We’ve had several requests to review My Power Mall, so they must be doing something right because they’re generating quite a buzz.
My Power Mall (MPM) is based on a very old and familiar formula: buy things from “yourself” so you get a piece of the action, then recruit others to do the same. Sound familiar? We saw that principle at work in Smartbusinessformula.com, and it was the mantra when I was in Amway many years ago. The logic went like this: “Hey, you own the store, so wouldn’t you rather buy from yourself than make Sam Walton rich by shopping at Wal-Mart?” MPM uses the same rhetoric. When you sign up, which is free, you become the “owner” of your very own “Power Mall,” which is a large collection of someone else’s affiliate links. This is a very important point I’ll say more about below. Take a look at I’ve Tried That’s Power Mall here. (Hurry; it won’t be up for long. They’ll probably shut us down when they read this review.) As you can see, there is a large selection of stores and products (look at the categories down the left side).

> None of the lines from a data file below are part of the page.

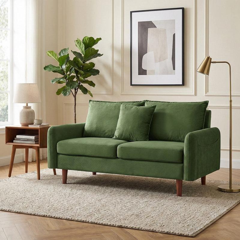 • Yeşil renkli suni kürk kumaş ile kaplanan bu ikili koltuk, gold renkli metal ayakları sayesinde modern ve minimalist mekanlara uyum sağlar.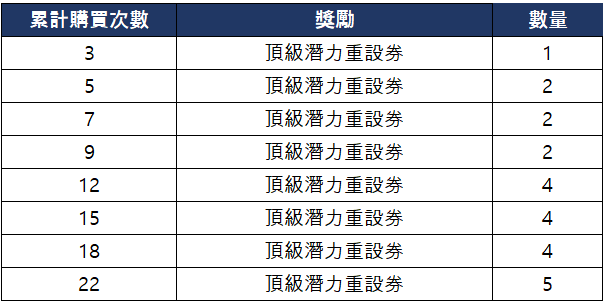 ▼ 潛力重設頂級禮包累計購買獎勵
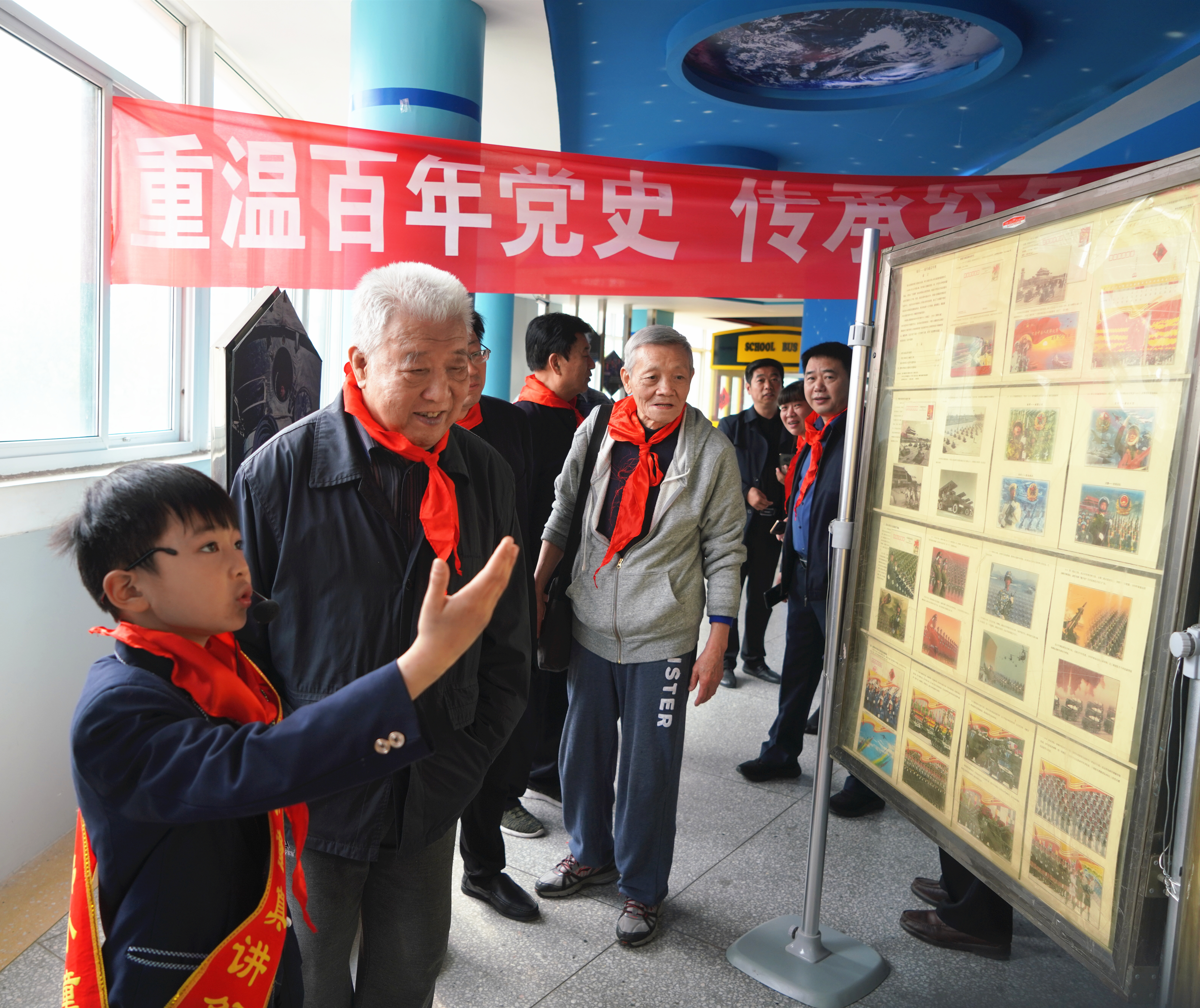在这次邮展中,经过河南书画院原院长杨昆仑老师的亲自指导,邮展专业知识过硬、业务熟练的一支优秀的“党史小讲解员”队伍惊艳亮相,他们用准确清晰的语言向老师、同学、家长及社会人士讲述党的百年奋斗历程,用自己的实际行动传承红色基因,带动和影响着身边的每一个人。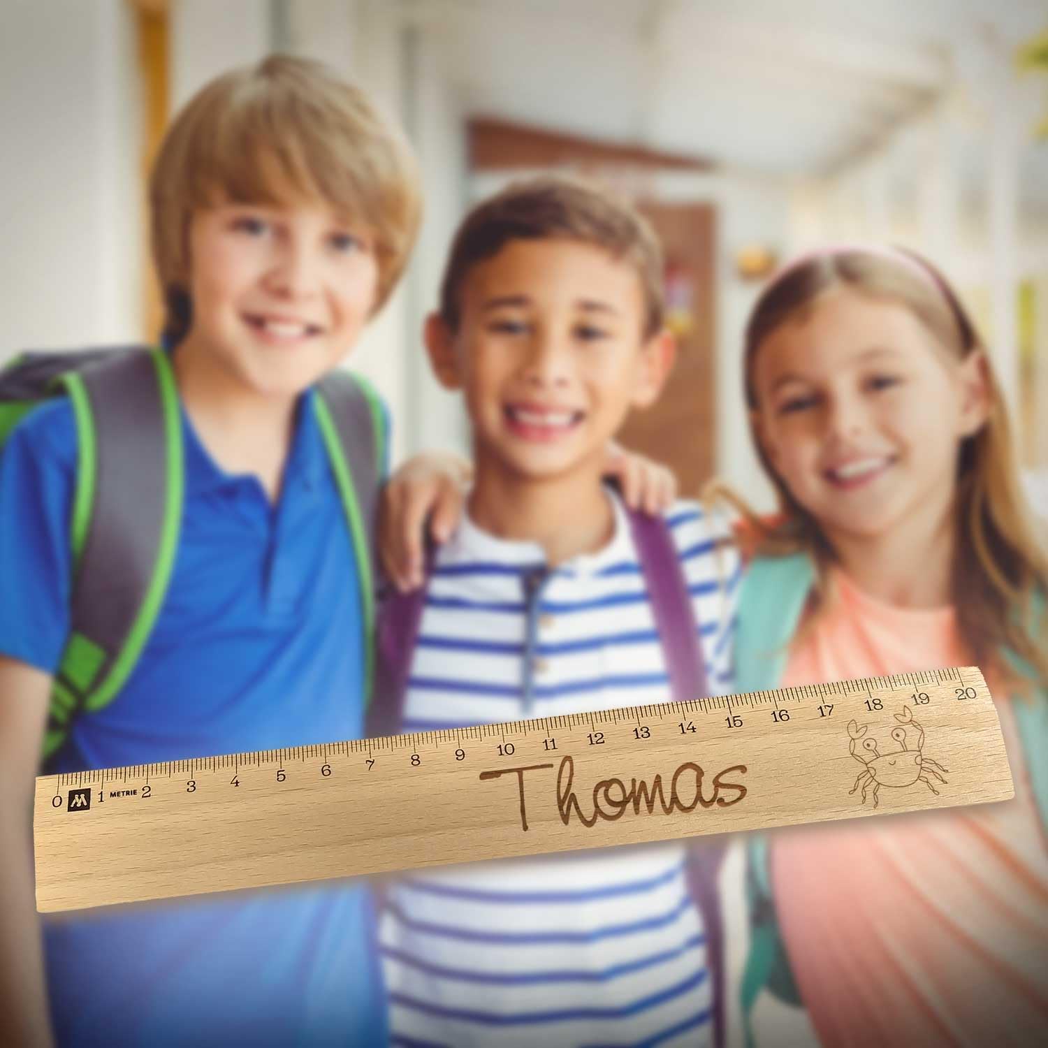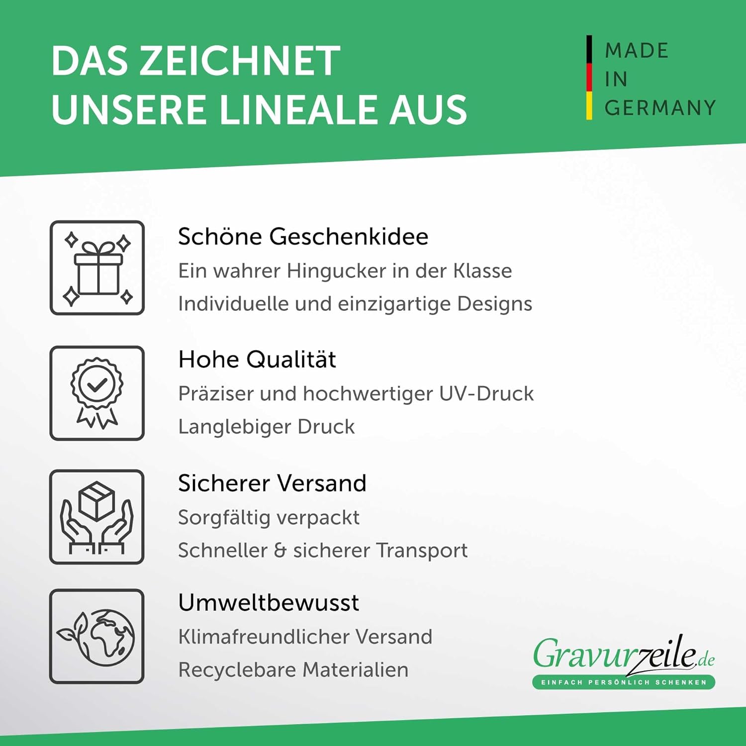 LINEAL PER L'INIZIO A SCUOLA - Righello in legno personalizzabile con nome e un simpatico motivo. Un regalo unico per ragazzi e ragazze per l'inizio della scuola! ✅ Incisione duratura: l'incisione viene incisa sul legno mediante tecnica laser e non si lava nemmeno dopo numerosi lavaggi. Qualunque sia il motivo che sceglierete: voi e i vostri cari vi godrete a lungo Dimensioni: il righello misura circa 210 x 3 x 30 mm. La lunghezza che si può misurare con questo righello è di 20 cm. Prodotto in Germania: i nostri articoli sono prodotti nel cuore della regione della Ruhr. I disegni vengono creati digitalmente e poi stampati a mano con stampa UV sul righello. Nessuna produzione di massa, nessuna importazione. La merce va direttamente da noi a voi! Servizio di qualità: ordinate oggi stesso e convincetevi della qualità di prima classe e della spedizione rapida. Se avete ancora domande sui nostri prodotti o una consegna non corrisponde alle vostre esigenze, siamo a vostra disposizione sia telefonicamente che via e-mail con consigli e fatti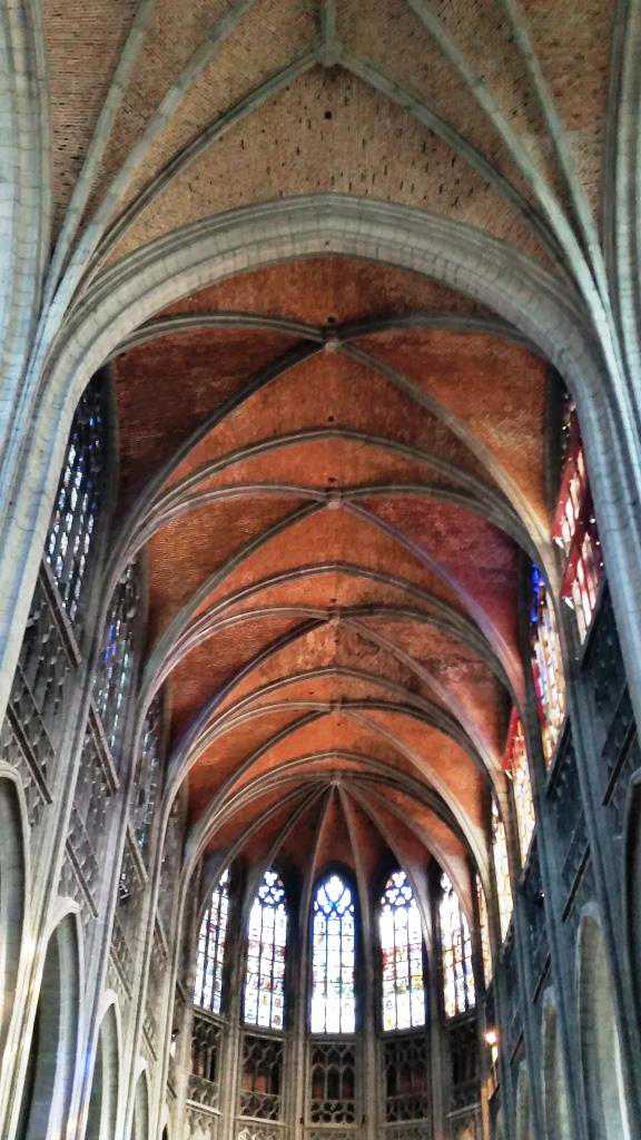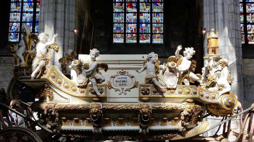 Partout, j’ai été impressionnée par la densité des arts et des lieux culturels de cette ville de Mons dont j’ignorais tout. Un de ses hauts lieux qui domine la cité est son beffroi (aussi au patrimoine mondial de l’Unesco). Il a la particularité rare d’être de style baroque. En haut de ses 87 mètres, il abrite un carillon de 49 cloches. Un peu en-dessous de ce beffroi, je n’ai pas manqué la collégiale gothique de Sainte Waudru, impressionnante par sa luminosité et ses richesses. Les moniales qui l’avaient fait construire aux XV et XVIème siècles avaient prévu de la couronner par une tour de … 190 m de haut… une folie qui n’a jamais pu être réalisée ! Les moniales avaient sans doute oublié de relire dans la Bible l’histoire de la tour de Babel !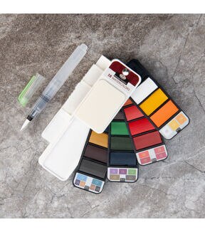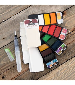 Royal & Langnickel Essentials 19 pc Watercolor Travel FlipKit is essential for any artist! Paint watercolor art on-the-go! Sleek, compact design. Fits easily in your backpack, drawer or carrying case! 18 different watercolors and one Aqua-Flo pen. Create endless combinations of color! This convenient, travel-friendly FlipKit is ideal for any level artist! Beginner to advanced.

According to the information in the members’ area, you make even more money by referring people. My Power Mall, the company, founded by a woman named Ginny Dye, earns a commission from each of your purchases, then kicks back part of the commission to you. That’s why they want you to succeed and recruit the population of China. You can fill up to 9 levels of Power Malls in your downline, each with 100 people, each of whom refer 100 people, all of whom will buy their daily stuff at their My Power Malls, and you get a piece of all that action! You’ll soon be rich! I don’t pretend to understand the downline system because there’s no need to—they lost me at step 1: buy your stuff from your own Power Mall.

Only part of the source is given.